‘I had to plunge the knife into the canvas’: Edita Schubert brandished her medical instrument like other artists wield a brush.
Edita Schubert led a dual existence. Over a period spanning thirty years, the late Croatian artist worked at the Institute of Anatomy at the Zagreb University’s faculty of medicine, meticulously drawing cadavers for study for surgical textbooks. In her studio, she created work that defied simple classification – often using the very same tools.
“She was producing these really precise, technical illustrations which were used in surgical handbooks,” says a organizer of a fresh exhibition of the artist's oeuvre. “She was right in the middle of that practice … She was totally unfazed about being in dissections.” These detailed anatomical studies, observes a museum curator, are still published in handbooks for medical students currently in Croatia.Where Two Realms Converged
Schubert’s dual vocation wasn’t unusual for creatives in the former Yugoslavia, who seldom could rely on art sales. But the way these two worlds bled into each other was. The surgical blades for precise cuts on bodies became instruments for slicing canvas. Adhesive tape intended for bandages secured her sliced creations. Laboratory tubes commonly used for samples transformed into containers for her life story.

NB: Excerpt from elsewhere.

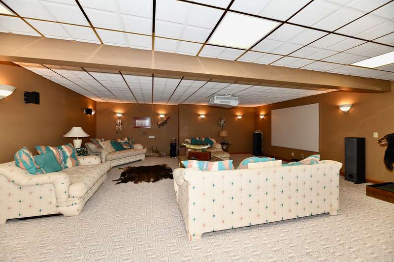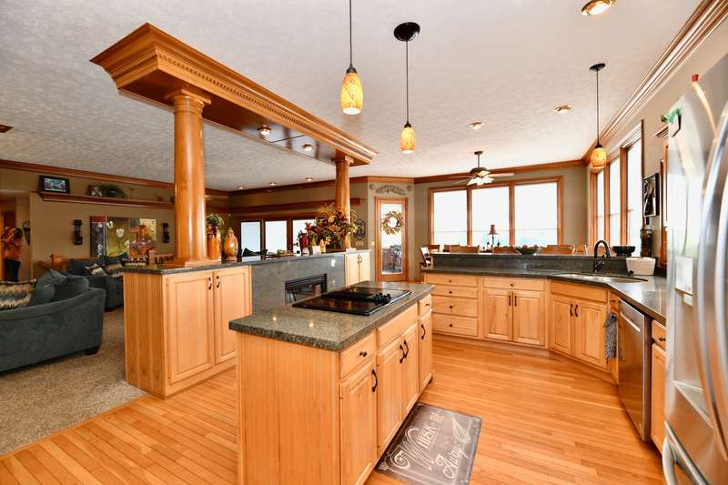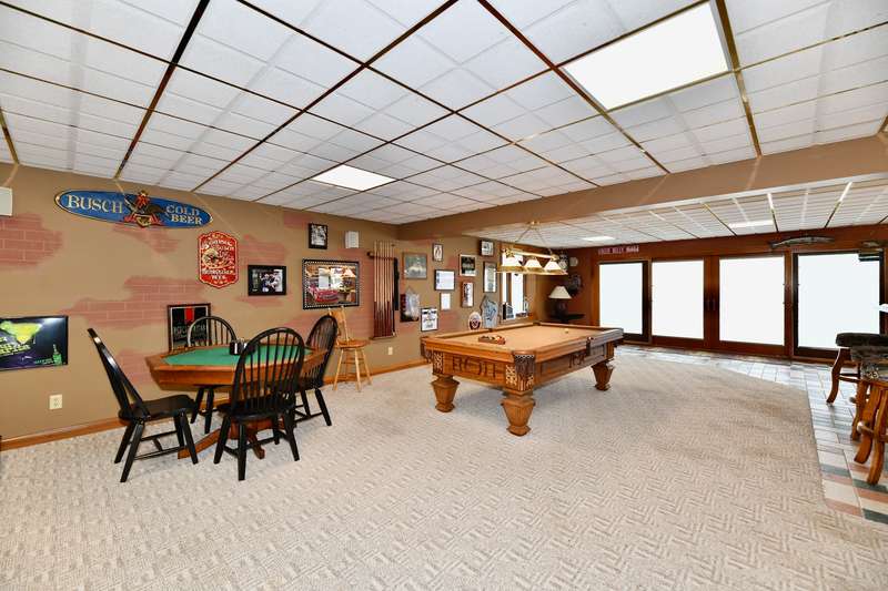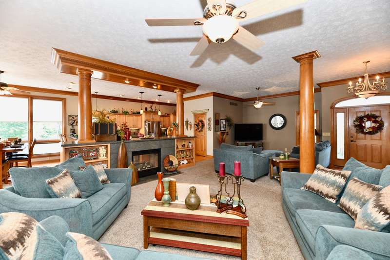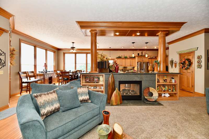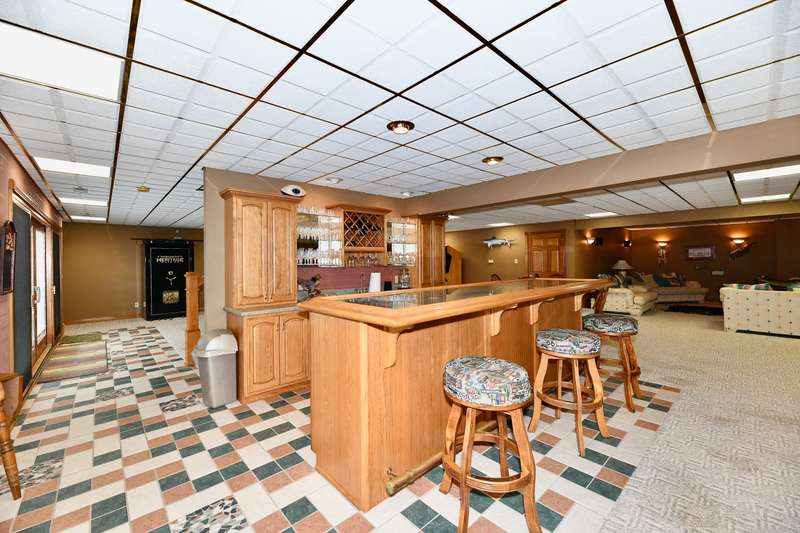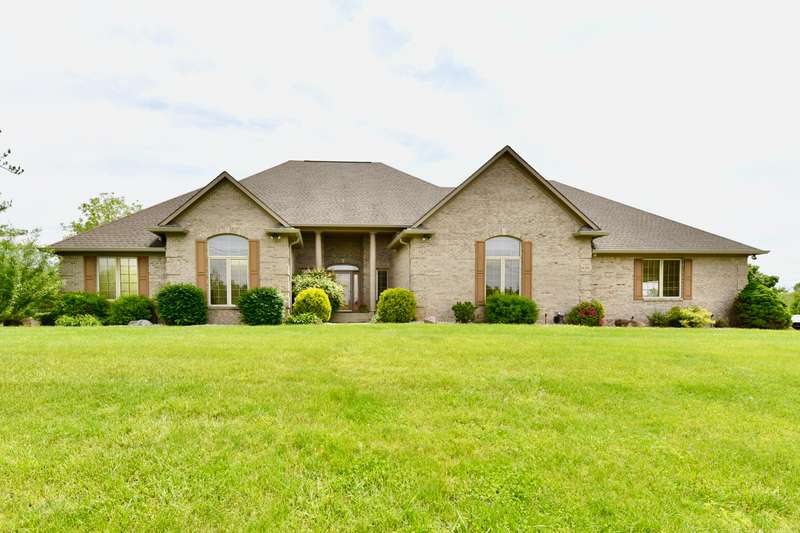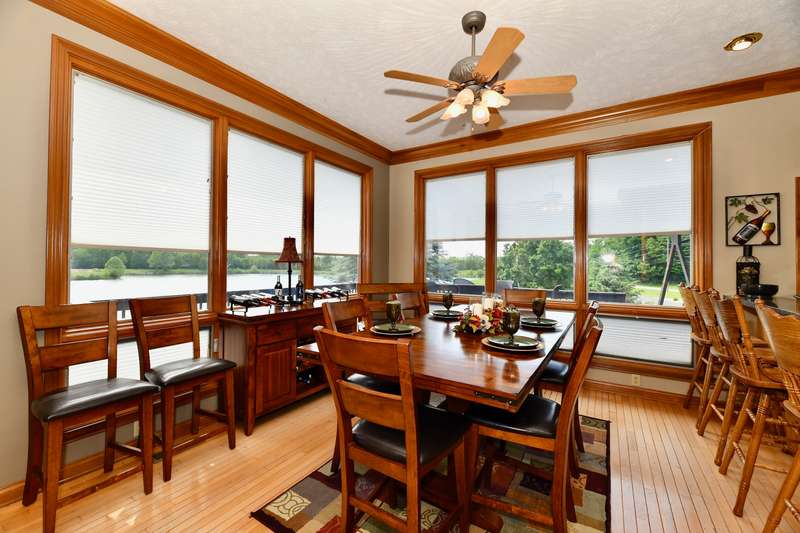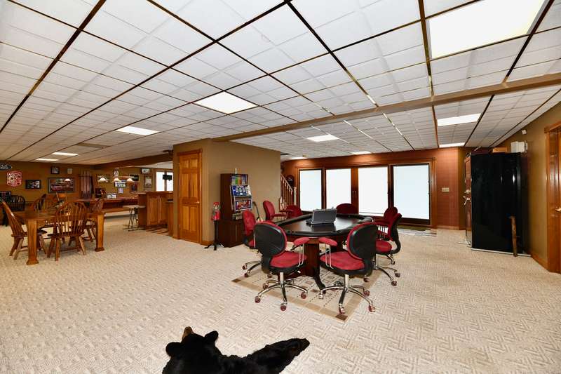 Welcome to your dream estate, a fisherman's paradise spanning over 30 acres. Dive into the peaceful 15-acre lake, hand-stocked and maintained for prime fishing, complemented by a private pond, dock, and boat ramp. This serene location is perfect for those seeking privacy and tranquility, while the versatile C4-zoned pole barn opens doors to various opportunities, whether for business or storage. Step inside to discover a beautifully designed open-concept layout that integrates the kitchen, dining, and great room, all centered around a striking two-sided fireplace. The kitchen's granite countertops and huge windows fill the space with natural light, offering breathtaking views of the lakefront. Each of the three bedrooms on the main level has its own full bath, ensuring comfort and privacy for family and guests. The lower level is an entertainer's dream, featuring a spacious recreation room, a dedicated theatre, and a wet bar and fourth bedroom. This level also includes an office, a bonus room with a closet and door for privacy, and a space for a gym-offering flexibility for work, hobbies, and fitness. Large 8-foot windows open to a paved patio, where you'll find a charming chimney fireplace, ideal for evening gatherings or outdoor dining. The upper level features a private deck, while the primary bedroom boasts its own balcony, creating a secluded retreat for relaxation and morning coffee. This extraordinary estate offers a harmonious blend of luxury, functionality, and natural beauty. Don't miss your chance to own this slice of paradise. Schedule a private tour today and start living the life you've always imagined. Can be bundled with adjacent 13 acre ag land blc 21978743
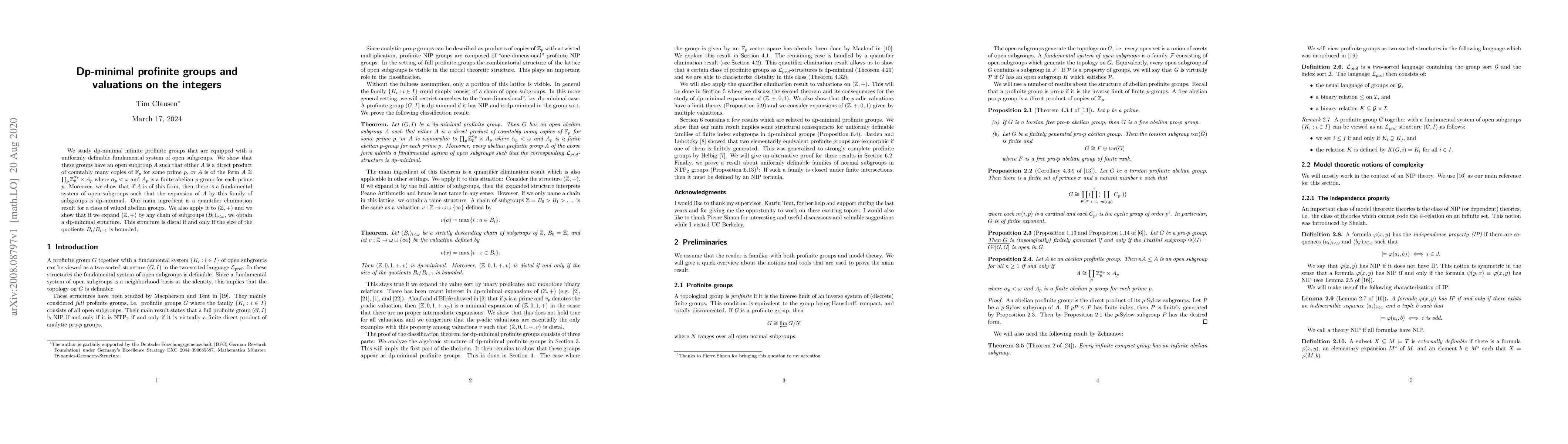 We study dp-minimal infinite profinite groups that are equipped with a uniformly definable fundamental system of open subgroups. We show that these groups have an open subgroup $A$ such that either $A$ is a direct product of countably many copies of $\mathbb{F}_p$ for some prime $p$, or $A$ is of the form $A \cong \prod_p \mathbb{Z}_p^{\alpha_p} \times A_p$ where $\alpha_p < \omega$ and $A_p$ is a finite abelian $p$-group for each prime $p$. Moreover, we show that if $A$ is of this form, then there is a fundamental system of open subgroups such that the expansion of $A$ by this family of subgroups is dp-minimal. Our main ingredient is a quantifier elimination result for a class of valued abelian groups. We also apply it to $(\mathbb{Z},+)$ and we show that if we expand $(\mathbb{Z},+)$ by any chain of subgroups $(B_i)_{i<\omega}$, we obtain a dp-minimal structure. This structure is distal if and only if the size of the quotients $B_i/B_{i+1}$ is bounded.

A Frustration That Cut Deep
At the start of the seventies, Schubert was still creating within the limits of classic art. She produced meticulous, hyperrealistic still lifes in oil and acrylic of confectionery and tabletop items. But frustration had been building since her student days. During her time at the Zagreb art school, she was required to depict nude figures. “I needed to drive the blade into the painting, it truly frustrated me, that taut surface on which I had to talk about something,” she confided in a researcher, among the rare individuals she spoke with. “I thrust the blade into the painting in place of a brush.”
The Artistic Performance of Cutting
That year, this desire became a concrete action. Schubert produced eleven large canvases. She painted each one a blue monochrome before taking a medical scalpel and executing numerous intentional, accurate incisions. She then folded back the sliced fabric to expose the underside, producing pieces recorded with clinical accuracy. She timestamped each to emphasize their nature as events. In one 1977 series of photographs, titled Self-Portrait Through a Sliced Painting, she inserted her features, hair, and digits through the openings, turning her own body into artistic material.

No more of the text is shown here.